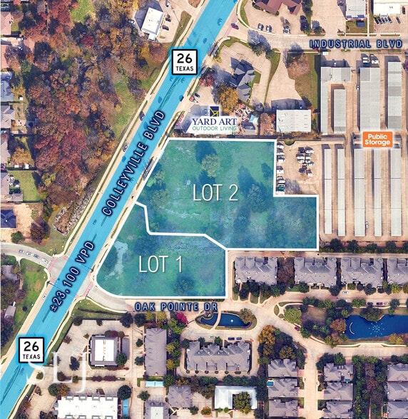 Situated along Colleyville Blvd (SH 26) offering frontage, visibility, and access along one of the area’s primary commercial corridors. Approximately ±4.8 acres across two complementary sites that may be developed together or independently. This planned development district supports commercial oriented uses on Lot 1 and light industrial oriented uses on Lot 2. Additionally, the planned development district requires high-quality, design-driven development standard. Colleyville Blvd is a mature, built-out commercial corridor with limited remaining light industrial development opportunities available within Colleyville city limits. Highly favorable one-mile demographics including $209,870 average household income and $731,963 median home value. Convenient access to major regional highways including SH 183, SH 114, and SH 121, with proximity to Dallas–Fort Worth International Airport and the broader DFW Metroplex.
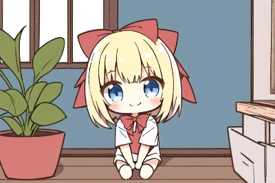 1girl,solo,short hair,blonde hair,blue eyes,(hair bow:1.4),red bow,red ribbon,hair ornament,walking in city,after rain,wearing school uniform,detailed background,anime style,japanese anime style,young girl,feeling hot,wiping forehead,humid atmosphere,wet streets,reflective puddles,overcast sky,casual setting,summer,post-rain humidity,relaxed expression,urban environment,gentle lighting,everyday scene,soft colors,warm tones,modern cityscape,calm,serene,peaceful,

--*--

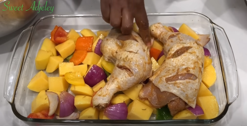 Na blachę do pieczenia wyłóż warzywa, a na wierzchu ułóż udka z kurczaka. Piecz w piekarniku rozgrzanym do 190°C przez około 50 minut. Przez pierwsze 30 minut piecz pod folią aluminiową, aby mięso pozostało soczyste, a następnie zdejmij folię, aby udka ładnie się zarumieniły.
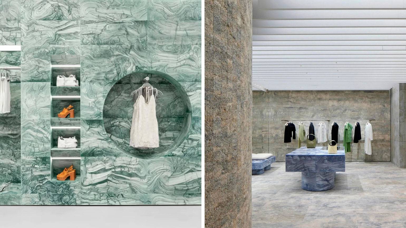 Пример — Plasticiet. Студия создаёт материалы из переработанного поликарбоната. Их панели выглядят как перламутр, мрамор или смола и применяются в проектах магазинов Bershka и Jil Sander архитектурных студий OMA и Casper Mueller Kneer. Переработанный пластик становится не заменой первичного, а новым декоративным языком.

--*--

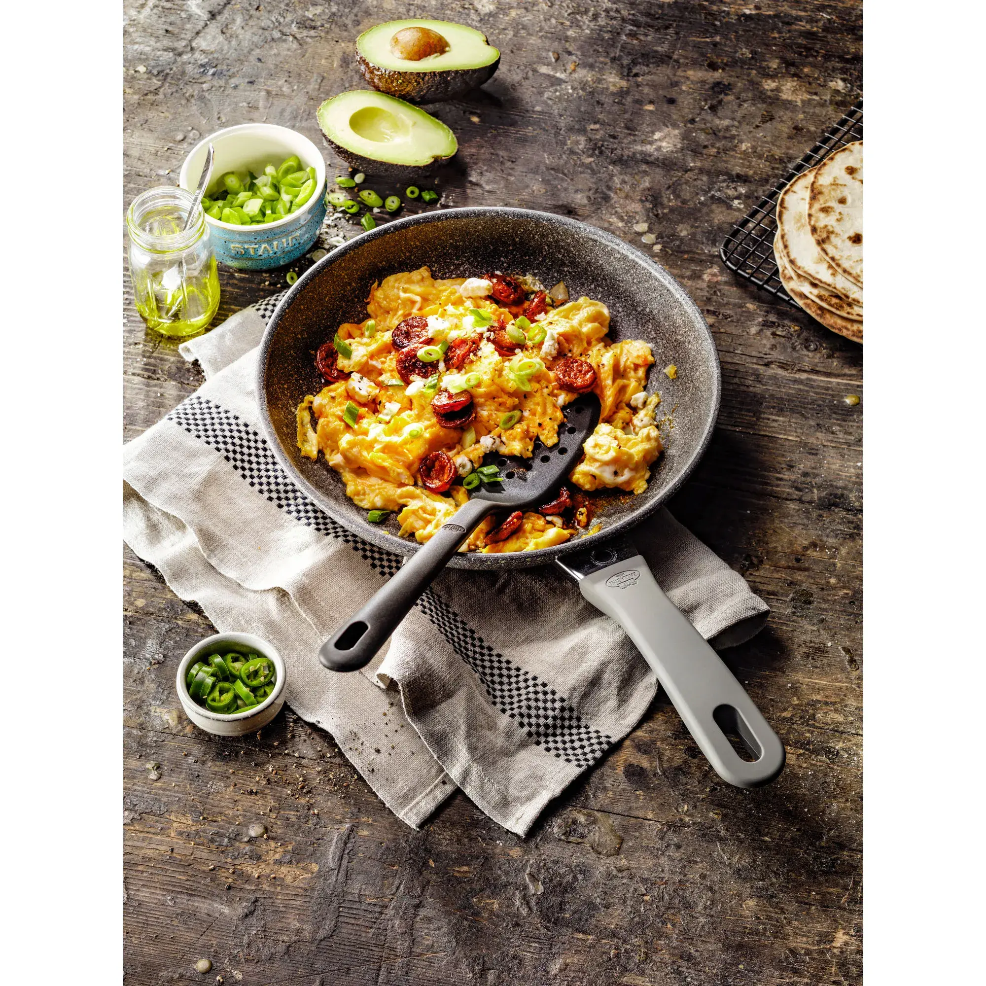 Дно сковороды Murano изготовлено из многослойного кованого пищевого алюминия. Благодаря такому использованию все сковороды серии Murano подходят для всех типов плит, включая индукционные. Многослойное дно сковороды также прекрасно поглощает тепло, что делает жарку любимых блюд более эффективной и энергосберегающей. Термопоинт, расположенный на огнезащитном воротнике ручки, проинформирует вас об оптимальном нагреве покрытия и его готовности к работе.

--*--

◆ Work item
Start at the line above containing "Na blachę do" and stop at the line containing "Пример — Plasticiet.": print those lines and everything between them exactly, but not the pictures.

◆ Problem solution
 Na blachę do pieczenia wyłóż warzywa, a na wierzchu ułóż udka z kurczaka. Piecz w piekarniku rozgrzanym do 190°C przez około 50 minut. Przez pierwsze 30 minut piecz pod folią aluminiową, aby mięso pozostało soczyste, a następnie zdejmij folię, aby udka ładnie się zarumieniły.
 Пример — Plasticiet. Студия создаёт материалы из переработанного поликарбоната. Их панели выглядят как перламутр, мрамор или смола и применяются в проектах магазинов Bershka и Jil Sander архитектурных студий OMA и Casper Mueller Kneer. Переработанный пластик становится не заменой первичного, а новым декоративным языком.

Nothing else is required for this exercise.